BUYING QUESTION

What platform coverage really means in an AI visibility tool

"Supports six platforms" is the easiest line to compare and the easiest to say loosely. Here is what to ask before you treat coverage as a buying criterion.

In short

  • Platform coverage is three different claims at once: we can query it, we store the full answer, and we can place results from different platforms on one axis. Most vendor pages only promise the first.
  • Cross-platform scores are the hardest part to do honestly, because the same question does not return a comparable citation set on different assistants.
  • Ask what is stored, not what is listed. A platform name in a table is not the same as an answer you can re-read next month.
  • One platform measured deeply and six measured shallowly answer different questions. Neither is automatically better; pick the one that matches the decision you have.

The same sentence, three different products

"We support ChatGPT, Perplexity, Gemini, Claude, Copilot and Google AI." That sentence appears on most vendor pages in this category, and the same words can describe three quite different products.

It can mean the tool can send a question to each of those services and show you an answer. It can mean it stores the full answer text and the cited pages, so you can read them again in a month. Or it can mean it compares your performance across those platforms, which is a much larger claim than either of the first two.1

  • Query: a question was sent, and an answer came back.
  • Store: the answer text, the model, the date and the cited URLs were kept.
  • Compare: results from different platforms were placed on a common footing, and the vendor explains what they did about the fact that platforms do not answer alike.
  • Only the third claim requires that explanation. The first two do not.

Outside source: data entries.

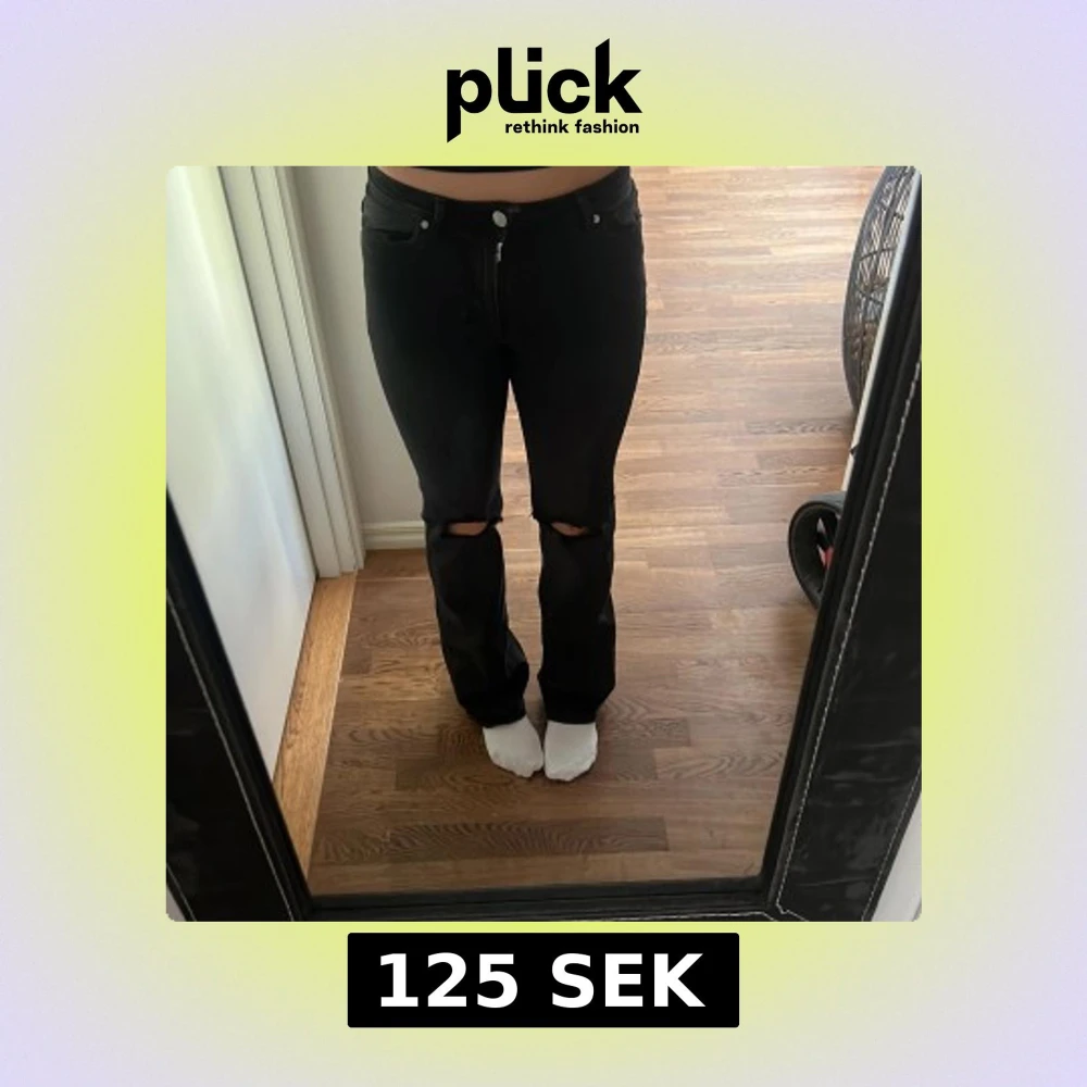 Svarta jeans från ONLY med bootcut passform och hål vid knäna för en edgy vibe. Klassisk femficksmodell med dragkedja och knapp framtill. Jeansen är i stretchigt bomullsmaterial och har hög midja som sitter snyggt.
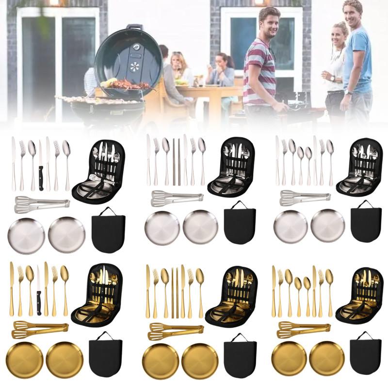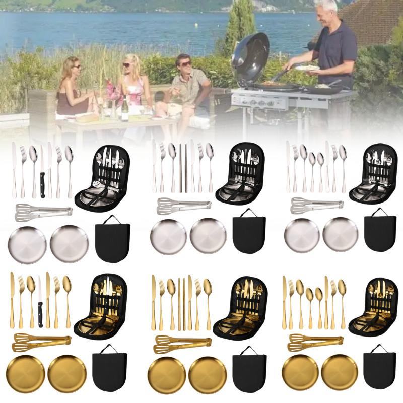Представляем наш Премиальный Набор Столовых Приборов из Нержавеющей Стали для Отдыха на Природе — идеальный компаньон для ваших приключений на свежем воздухе, будь то кемпинг, пикник или барбекю. Этот универсальный набор столовых приборов, изготовленный из высококачественной нержавеющей стали, сочетает в себе функциональность и элегантность, гарантируя, что каждая трапеза на открытом воздухе будет такой же особенной, как и обед дома.. Благодаря своему изящному и современному минималистичному дизайну, этот набор столовых приборов не только выполняет свое предназначение, но и добавляет нотку изысканности вашему отдыху на открытом воздухе.
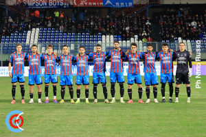 Catania (3-4-1-2): 1 Bethers; 27 Castellini (K), 15 Di Gennaro (VK), 33 Anastasio; 20 Carpani (26°st 8 Sturaro), 14 Verna, 10 Jiménez, 19 Raimo (35°st 16 Quaini); 21 Stoppa (27°st 44 Guglielmotti); 9 Inglese, 11 D’Andrea (36°st 32 Montalto). A disposizione: 31 Adamonis; 36 Allegra, 68 Ierardi, 40 Sechi; 6 De Rose, 37 Forti; 17 Luperini; 38 Corallo. Allenatore: Toscano.
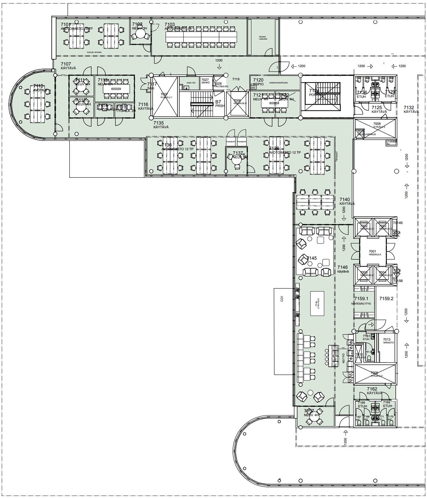Vuokrataan Helsingin Ruoholahdesta seitsemännen, ylimmän kerroksen 674 m² remontoitu toimistotila.
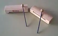 - (music) A percussion instrument consisting of a hollow block of wood struck with a drumstick.
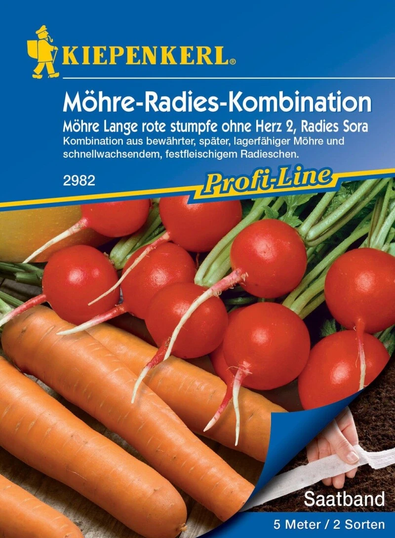 Möhre-Radieschen-Kombination, 5 Meter Saatband, Schnellwachsend, Gut Lagerfähig, Kiepenkerl
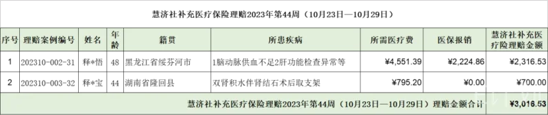 2023年10月23日--10月29日,慧济社补充医疗保险共理赔2例,本年累计理赔32例,具体信息如下:
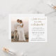 Convite de recepção de casamento com a frase "vale a espera para finalmente celebrar!" em um script divertido em dourado. Personalize com sua foto.
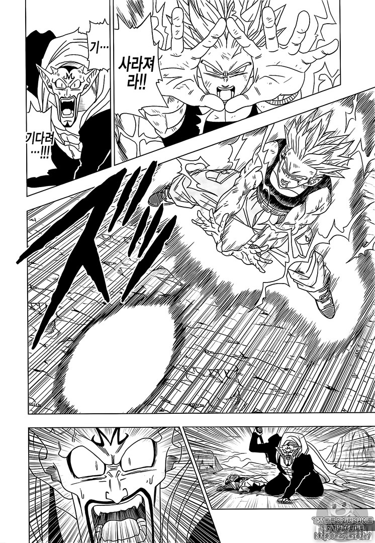 Revoici le chapitre 16 de Dragon Ball Super que nous avons posté ce matin ! Il est en haute qualité cette fois, mais en coréen – ce qui ne change relativement rien. Toutefois, nous avons posté la traduction en VF. Le texte en français n’est pas dans les bulles, mais directement transcris ci-dessous, sous chaque page. On laisse le reste aux teams spécialisées, et nous relayerons leur travail plus tard.
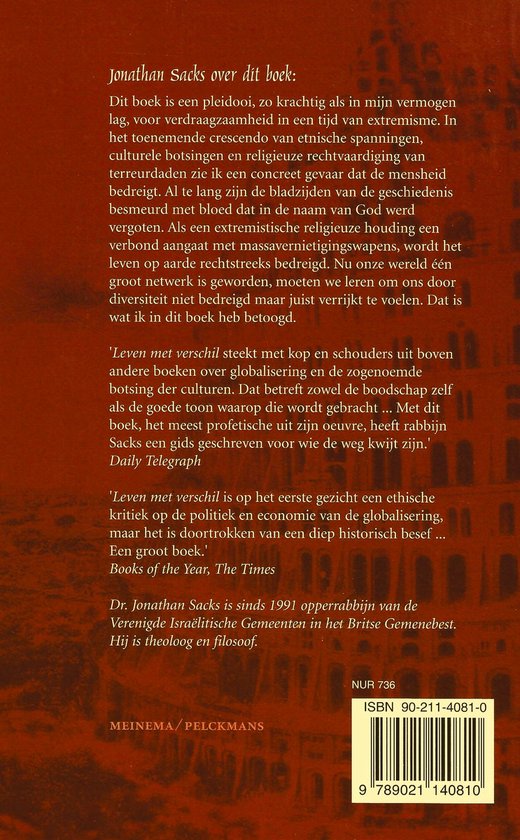 Dit boek is een pleidooi, zo krachtig als in mijn vermogen lag, voor verdraagzaamheid in een tijd van extremisme. In het toenemende crescendo van etnische spanningen, culturele botsingen en religieuze rechtvaardiging van terreurdaden zie ik een concreet gevaar dat de mensheid bedreigt. Al te lang zijn de bladzijden van de geschiedenis besmeurd met bloed dat in de naam van God werd vergoten. Als een extremistische religieuze houding een verbond aangaat met massavernietigingswapens, wordt het leven op aarde rechtstreeks bedreigd. Nu onze wereld één groot netwerk is geworden, moeten we leren om ons door diversiteit niet bedreigd maar juist verrijkt te voelen. Dat is wat ik in dit boek heb betoogd. 'Leven met verschil steekt met kop en schouders uit boven andere boeken over globalisering en de zogenoemde botsing der culturen. Dat betreft zowel de boodschap zelf als de goede toon waarop die wordt gebracht ... Met dit boek, het meest profetische uit zijn oeuvre, heeft rabbijn Sacks een gids geschreven voor wie de weg kwijt zijn.' Daily Telegraph 'Leven met verschil is op het eerste gezicht een ethische kritiek op de politiek en economie van de globalisering, maar het is doortrokken van een diep historisch besef ... Een groot boek, al telt het slechts 200 pagina's.' Books of the Year, The Times
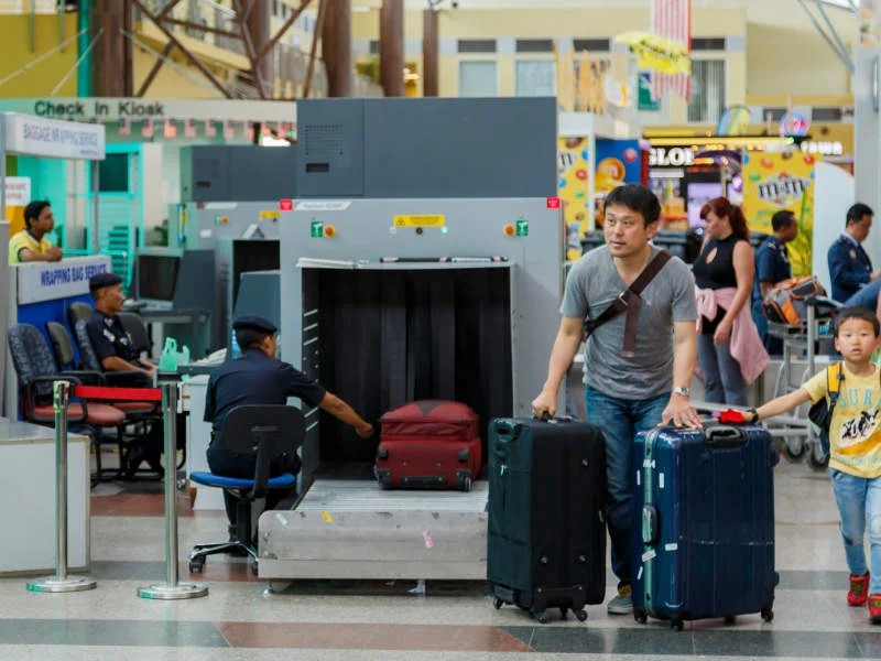 عند الوصول الى المطار عليك التوجه الى القسم الخاص بالعفش والأمتعة حيث سيتم تفتيش الامتعة الخاصة بكم ومن ثم سيتم وزن الامتعة والعفش الخاص بك.
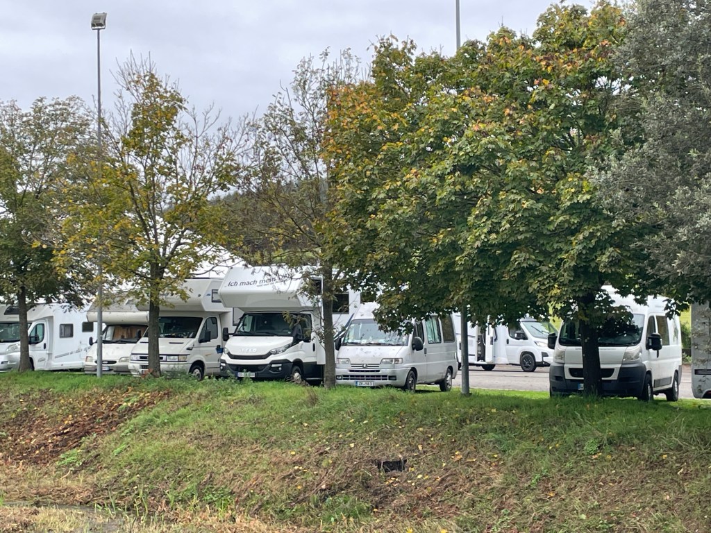 Parkirali smo na PZA 43.3510 12.5650, mislim, da za 10€ / noč. Vsa oskrba na voljo.

Why cross-platform numbers do not line up

A study sampling citation behaviour across Perplexity, OpenAI's search product and Google Gemini found citation distributions following a power-law form and varying substantially across repeated samples. The same measurement question, asked of different platforms, does not produce a set of numbers you can lay along one axis.1

That does not make cross-platform tracking useless. It makes an unexplained cross-platform score useless, which is a narrower and more specific problem, and a fair question to ask about any combined figure you are shown.

Depth and breadth answer different questions

A tool covering six platforms usually runs a small number of questions on each one. A tool covering one platform can afford to run more of them, store more of what came back, and repeat the same set on a schedule. Both are reasonable products. They are just answering different things.

  • Breadth answers: how does the shape of my visibility differ between assistants?
  • Depth answers: is my number for this question set stable, and what changed between runs?
  • Breadth spends its budget across platforms. Depth spends it on repetition.
  • Knowing which of those two questions is yours is most of the decision.

Six questions to ask before you compare coverage

If a vendor page lists platforms without saying which of the three claims above it is making, one email with these questions will get you a usable answer.

  • Which platforms are in production today, and which are planned? Ask for the two lists to be separated in writing.
  • For each platform, does the tool store the full answer, or only a score?
  • Are results recorded per platform, or merged into one figure?
  • How often is each platform checked, and can you re-run a fixed question set on demand?
  • If there is a combined cross-platform number, how was it normalised?
  • When a platform changes its model, what happens to your earlier runs?

What we do, stated plainly

AI Cite Who checks ChatGPT only. Perplexity, Gemini, Claude, Copilot and Google AI are not supported today, and no date has been announced for any of them.

The check runs through the search-capable path ChatGPT itself uses, so what gets recorded is the answer, the model that produced it, and the public pages returned alongside it.3 Whether those pages can be read at all is governed by published crawler rules, and they are worth reading before blaming a tool for a missing citation.2

The narrower coverage is also part of why the product can keep the full answer text, keep the cited pages, and repeat an identical question set on a schedule on the Pro plan, instead of spending the same effort across six moving targets.

If your decision depends on comparing assistants with each other, this is not the tool for it. The checklist above will tell you that in about five minutes, and it is cheaper to find out now than after a billing cycle.

What a specific coverage claim looks like

Coverage claims are usually vague because vague is safer. A specific one is easy to recognise, and it is worth asking for even after you have decided to buy.

Here is the shape of an answer that can actually be checked. It names the platform, says what is stored, states the cadence, and states what is not covered, all in the same paragraph rather than split between a feature table and a footnote.

  • Named: "ChatGPT, through the search-backed path, checked daily."
  • Stored: "The full answer text, the model version, the run timestamp, and every cited URL."
  • Cadence: "The same question set can be re-run on demand; scheduled repeats are on the top plan."
  • Not covered: "Perplexity, Gemini and Copilot are not supported, and no release date is announced."
  • Uncertain: "A single run does not separate two brands whose numbers differ by a few points."

How to decide for yourself

Write the decision down first. If it is which assistant should we prioritise, you need breadth, and you should accept up front that each platform will be measured shallowly. If it is whether this specific claim about our category is stable, and whether it moved after we changed the page, you need depth, and one platform is enough to answer it.

The trap is buying breadth to answer a depth question. It is an easy trap to fall into, because breadth is far simpler to put in a table.